(Stored entries)
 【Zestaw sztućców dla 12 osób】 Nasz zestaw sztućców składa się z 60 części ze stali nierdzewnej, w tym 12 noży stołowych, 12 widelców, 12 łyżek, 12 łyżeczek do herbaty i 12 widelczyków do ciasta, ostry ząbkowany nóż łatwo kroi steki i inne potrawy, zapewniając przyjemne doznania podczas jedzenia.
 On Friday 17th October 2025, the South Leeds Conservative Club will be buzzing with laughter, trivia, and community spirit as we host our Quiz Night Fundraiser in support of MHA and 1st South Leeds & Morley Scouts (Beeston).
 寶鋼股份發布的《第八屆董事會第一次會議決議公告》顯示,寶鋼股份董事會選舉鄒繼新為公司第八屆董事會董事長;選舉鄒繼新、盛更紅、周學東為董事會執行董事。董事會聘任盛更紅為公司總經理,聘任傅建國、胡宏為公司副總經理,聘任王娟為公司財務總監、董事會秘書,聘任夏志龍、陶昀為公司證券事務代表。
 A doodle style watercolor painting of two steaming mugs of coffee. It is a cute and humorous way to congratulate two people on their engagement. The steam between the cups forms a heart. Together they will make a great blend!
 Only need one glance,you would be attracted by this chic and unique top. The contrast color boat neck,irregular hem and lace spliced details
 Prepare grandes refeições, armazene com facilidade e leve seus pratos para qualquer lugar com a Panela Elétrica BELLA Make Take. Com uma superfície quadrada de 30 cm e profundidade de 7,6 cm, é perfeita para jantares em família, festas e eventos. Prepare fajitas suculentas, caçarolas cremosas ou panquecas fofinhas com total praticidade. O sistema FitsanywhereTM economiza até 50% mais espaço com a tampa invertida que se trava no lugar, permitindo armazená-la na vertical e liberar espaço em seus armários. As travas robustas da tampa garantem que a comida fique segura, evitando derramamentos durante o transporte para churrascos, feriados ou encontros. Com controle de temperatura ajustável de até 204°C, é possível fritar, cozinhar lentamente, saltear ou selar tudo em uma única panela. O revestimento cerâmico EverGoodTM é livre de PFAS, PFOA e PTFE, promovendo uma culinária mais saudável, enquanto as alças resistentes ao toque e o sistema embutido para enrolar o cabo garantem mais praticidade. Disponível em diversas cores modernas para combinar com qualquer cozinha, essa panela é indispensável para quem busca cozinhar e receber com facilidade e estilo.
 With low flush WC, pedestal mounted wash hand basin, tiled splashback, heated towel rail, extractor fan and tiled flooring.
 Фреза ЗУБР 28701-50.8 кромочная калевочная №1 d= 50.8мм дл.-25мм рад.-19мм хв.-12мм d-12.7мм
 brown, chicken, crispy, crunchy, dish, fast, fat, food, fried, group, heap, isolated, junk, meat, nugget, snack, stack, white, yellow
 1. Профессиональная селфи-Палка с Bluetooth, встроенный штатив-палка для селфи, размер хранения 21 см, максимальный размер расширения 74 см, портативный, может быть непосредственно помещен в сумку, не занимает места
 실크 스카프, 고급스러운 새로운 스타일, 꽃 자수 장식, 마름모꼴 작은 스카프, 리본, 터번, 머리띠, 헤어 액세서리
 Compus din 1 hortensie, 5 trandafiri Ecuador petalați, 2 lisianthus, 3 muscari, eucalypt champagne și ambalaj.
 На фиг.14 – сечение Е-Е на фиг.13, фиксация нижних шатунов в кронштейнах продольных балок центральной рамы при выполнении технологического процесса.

Exercise objective. Reproduce each record shown above without altering a single word.

Reply.
 【Zestaw sztućców dla 12 osób】 Nasz zestaw sztućców składa się z 60 części ze stali nierdzewnej, w tym 12 noży stołowych, 12 widelców, 12 łyżek, 12 łyżeczek do herbaty i 12 widelczyków do ciasta, ostry ząbkowany nóż łatwo kroi steki i inne potrawy, zapewniając przyjemne doznania podczas jedzenia.
 On Friday 17th October 2025, the South Leeds Conservative Club will be buzzing with laughter, trivia, and community spirit as we host our Quiz Night Fundraiser in support of MHA and 1st South Leeds & Morley Scouts (Beeston).
 寶鋼股份發布的《第八屆董事會第一次會議決議公告》顯示,寶鋼股份董事會選舉鄒繼新為公司第八屆董事會董事長;選舉鄒繼新、盛更紅、周學東為董事會執行董事。董事會聘任盛更紅為公司總經理,聘任傅建國、胡宏為公司副總經理,聘任王娟為公司財務總監、董事會秘書,聘任夏志龍、陶昀為公司證券事務代表。
 A doodle style watercolor painting of two steaming mugs of coffee. It is a cute and humorous way to congratulate two people on their engagement. The steam between the cups forms a heart. Together they will make a great blend!
 Only need one glance,you would be attracted by this chic and unique top. The contrast color boat neck,irregular hem and lace spliced details
 Prepare grandes refeições, armazene com facilidade e leve seus pratos para qualquer lugar com a Panela Elétrica BELLA Make Take. Com uma superfície quadrada de 30 cm e profundidade de 7,6 cm, é perfeita para jantares em família, festas e eventos. Prepare fajitas suculentas, caçarolas cremosas ou panquecas fofinhas com total praticidade. O sistema FitsanywhereTM economiza até 50% mais espaço com a tampa invertida que se trava no lugar, permitindo armazená-la na vertical e liberar espaço em seus armários. As travas robustas da tampa garantem que a comida fique segura, evitando derramamentos durante o transporte para churrascos, feriados ou encontros. Com controle de temperatura ajustável de até 204°C, é possível fritar, cozinhar lentamente, saltear ou selar tudo em uma única panela. O revestimento cerâmico EverGoodTM é livre de PFAS, PFOA e PTFE, promovendo uma culinária mais saudável, enquanto as alças resistentes ao toque e o sistema embutido para enrolar o cabo garantem mais praticidade. Disponível em diversas cores modernas para combinar com qualquer cozinha, essa panela é indispensável para quem busca cozinhar e receber com facilidade e estilo.
 With low flush WC, pedestal mounted wash hand basin, tiled splashback, heated towel rail, extractor fan and tiled flooring.
 Фреза ЗУБР 28701-50.8 кромочная калевочная №1 d= 50.8мм дл.-25мм рад.-19мм хв.-12мм d-12.7мм
 brown, chicken, crispy, crunchy, dish, fast, fat, food, fried, group, heap, isolated, junk, meat, nugget, snack, stack, white, yellow
 1. Профессиональная селфи-Палка с Bluetooth, встроенный штатив-палка для селфи, размер хранения 21 см, максимальный размер расширения 74 см, портативный, может быть непосредственно помещен в сумку, не занимает места
 실크 스카프, 고급스러운 새로운 스타일, 꽃 자수 장식, 마름모꼴 작은 스카프, 리본, 터번, 머리띠, 헤어 액세서리
 Compus din 1 hortensie, 5 trandafiri Ecuador petalați, 2 lisianthus, 3 muscari, eucalypt champagne și ambalaj.
 На фиг.14 – сечение Е-Е на фиг.13, фиксация нижних шатунов в кронштейнах продольных балок центральной рамы при выполнении технологического процесса.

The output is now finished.